Marlo makes careful notes of the things Leo likes — they can go back to the museum if he wants to see more of it — and looks up books about monkeys and books about astronomy for middle schoolers and bookmarks the more promising-looking results.
He cuddles Leo and Sasha at night and sends Sasha warning looks when he looks too desperately at short shorts and crop tops and dyed hair and tries not to be too obviously married to them both when they're out.
Marlo can try not to be married to both of them, but a man with long hair and modest clothing holding hands with or gazing longingly at another man can really only be one thing, and whispers and under-their-breath "plyg"s follow them around Salt Lake City.
Leo wants to see more of everything, but he does not especially like the art museum, unless Sasha is telling him about art. (He stares openly at Sasha when Sasha tells him about art.)
Leo loves restaurant food, particularly restaurant food that has lots and lots of calories, particularly particularly restaurant food that has endless refills. He thinks the Olive Garden's infinite breadsticks is the single greatest invention known to humanity.

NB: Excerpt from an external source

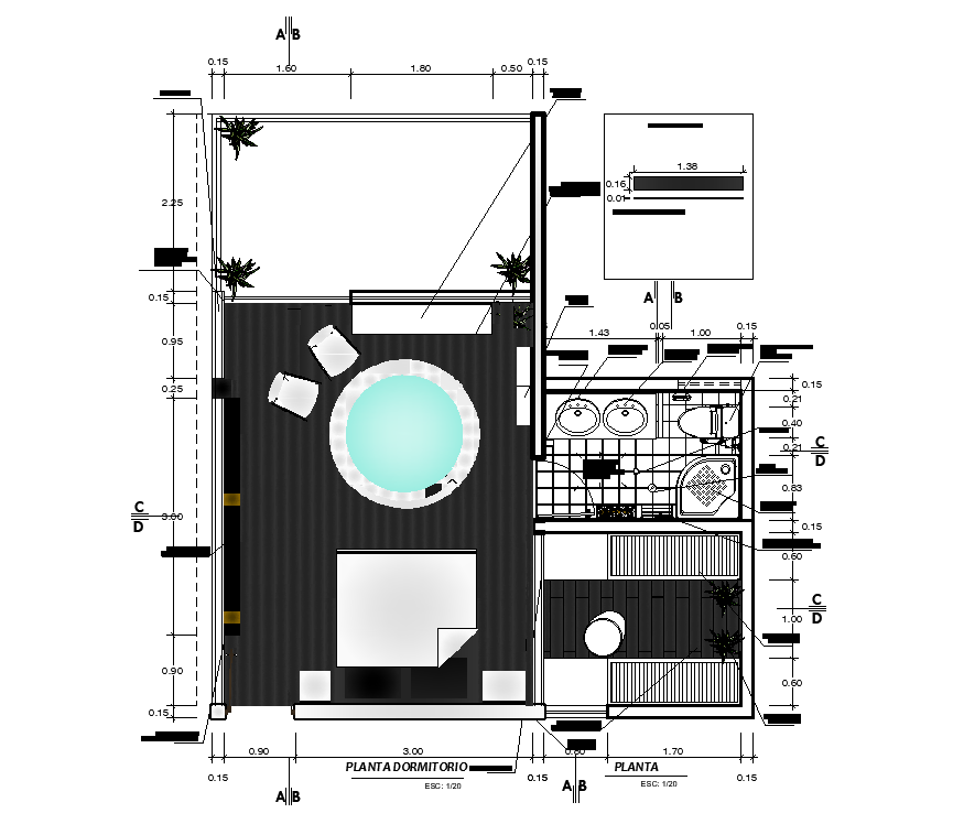 7x8m bedroom cum bathroom interior plan is given in this AutoCAD drawing model.Download now.

Leo doesn't initiate sex with Marlo, not without permission from Marlo, but he's used to sharing small spaces, and he goes to the bathroom and thinks about Marlo's hands and Marlo's mouth and Marlo's dick, and all his old fantasies are much more real now that he knows what it's like.
At night he rests a hand on Sasha's shoulder or his hip or once, bravely, his thigh, and it sends electric shivers through his entire body. (He starts imagining Sasha, too, when he's in the bathroom, Sasha looking up at him through pretty lashes and kissing him between his legs--)
On Sunday, he braces himself to see what they're doing about services.
On Sunday morning Sasha says "So I thought maybe the aquarium today?" like services didn't exist at all.
"I'm complicated but I believe the word is agnostic. The aquarium sounds good to me if it sounds good to you two?"
Octopuses are SO COOL. they can CHANGE COLORS and PRETEND TO BE ROCKS and THEY'RE SMART ENOUGH TO ESCAPE THEIR TANKS AND THROW SHRIMP AT AQUARIUM WORKERS HOW COOL IS THAT.
This is a much better way to spend a Sunday morning.
It is extremely cool!
Aquariums also have employees that he can harass with extensive octopus questions.
Is it really harassment if the employees are enthusiastic about answering, though.
(Being obviously polygamists in an aquarium on Sunday morning gets them fewer judgemental stares and more confused ones. Marlo is still acutely aware of every single pair of eyes.)
When they leave, Leo says, "I haven't ever told anyone I'm an atheist before. Or skipped church."
"It's too bad we have to go to church while we live back in town. People would gossip."
"...yeah," very quiet. "But we have to stay or they'll start marrying more people to Malcolm again and I can't —"
Leo reaches out and squeezes his hand. "It's okay. I'll make faces at you during the dumb parts."
"Yeah." He holds Leo's hand very tightly. "And it's better with you two, I just. Miss being able to wear what I want and cut my hair if I want and spend my Sundays how I want."
"It is. — you don't really notice how heavy it is until you cut it off. Or how hot it gets in the summer, having all that hair on the back of your neck and all that fabric on your arms and legs, until your hair is short and you can wear short sleeves and shorts if you feel like it."
"I would, but I don't actually own... other underwear," he says. "I guess we could thrift some while we're here."